Promoted to lieutenant-general in 1965, Tankayev was a deputy commander of the Odessa Military District in the late 1960s. He was elected to the Supreme Soviet of the USSR ahead of its seventh convocation in 1966, selected as to succeed Colonel-General Ivan Shkadov as commander of the Northern Group of Forces in December 1968, and elevated to colonel-general in 1969. He continued to serve with the Northern Group of Forces until 1973.

Colonel-General Tankayev returned to Moscow to head the Main Directorate of Military Colleges of the USSR Ministry of Defense in 1973-1974 and served in East Germany as chief representative of the Warsaw Pact Supreme Command to the National People's Army in 1974-1978.

Tankayev headed the Military Institute of the Ministry of Defense of the USSR from 1978 to 1988.

He died at the age of seventy-eight after ten years in retirement in 1998.

==Awards==
===Soviet===
- Order of Lenin
- Order of the October Revolution
- Order of the Red Banner, four times
- Order of the Patriotic War, 1st class
- Order of the Red Star

===Foreign===
People's Republic of Poland
- Commander's Cross with Star of the Order of Polonia Restituta
German Democratic Republic
- Patriotic Order of Merit

==Commemoration==
Colonel-General Tankayev's life has been the subject of several books in the Russian language since the 1980s.

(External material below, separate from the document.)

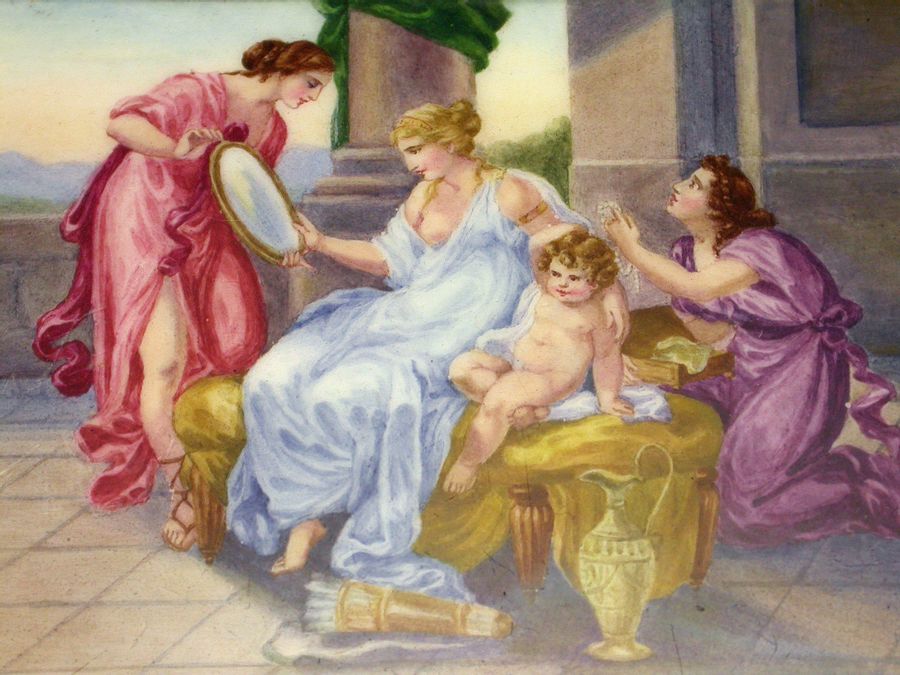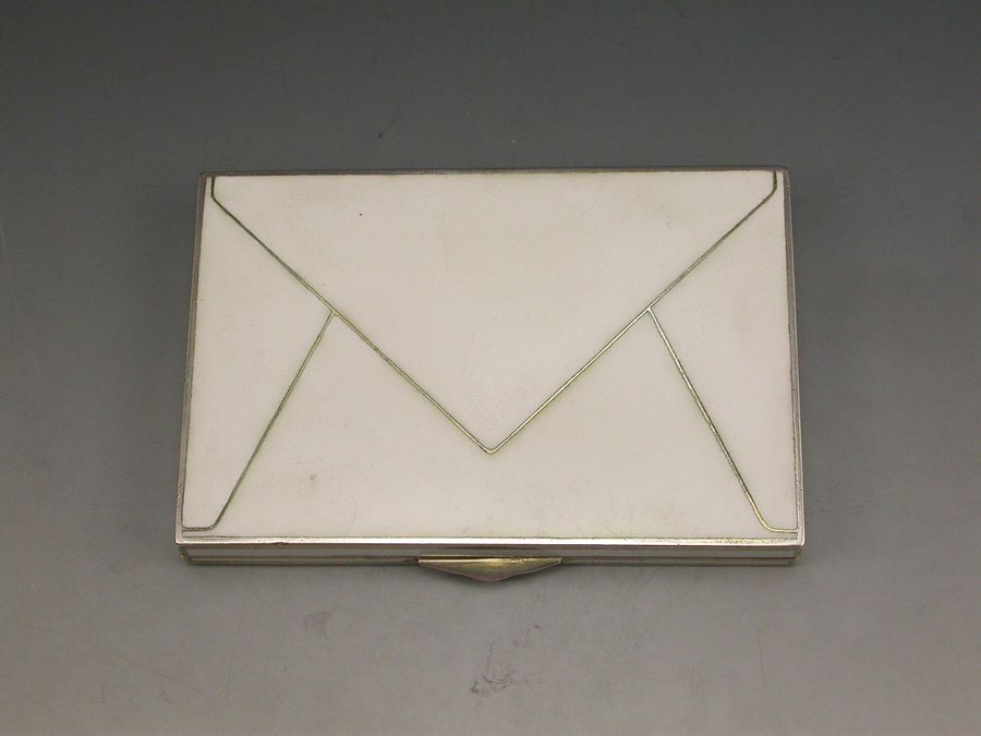 A very fine early 20th century Austrian silver and enamel Cigarette Case made in the form of an envelope with white enamel base and sides, the lid decorated with a classical scene depicting a lady with attendants and a baby, silver gilt interior.

General Tankayev Street in Makhachkala, capital of the Russian Federation's Republic of Dagestan, carries the name of the colonel-general.

A statute of Magomed Tankayev, crafted by sculptor Aligadzhi Saygadov and architect Abdula Magomedov, was unveiled on Batyray Street in Makhachkala by Mayor Said Amirov on 30 October 2009.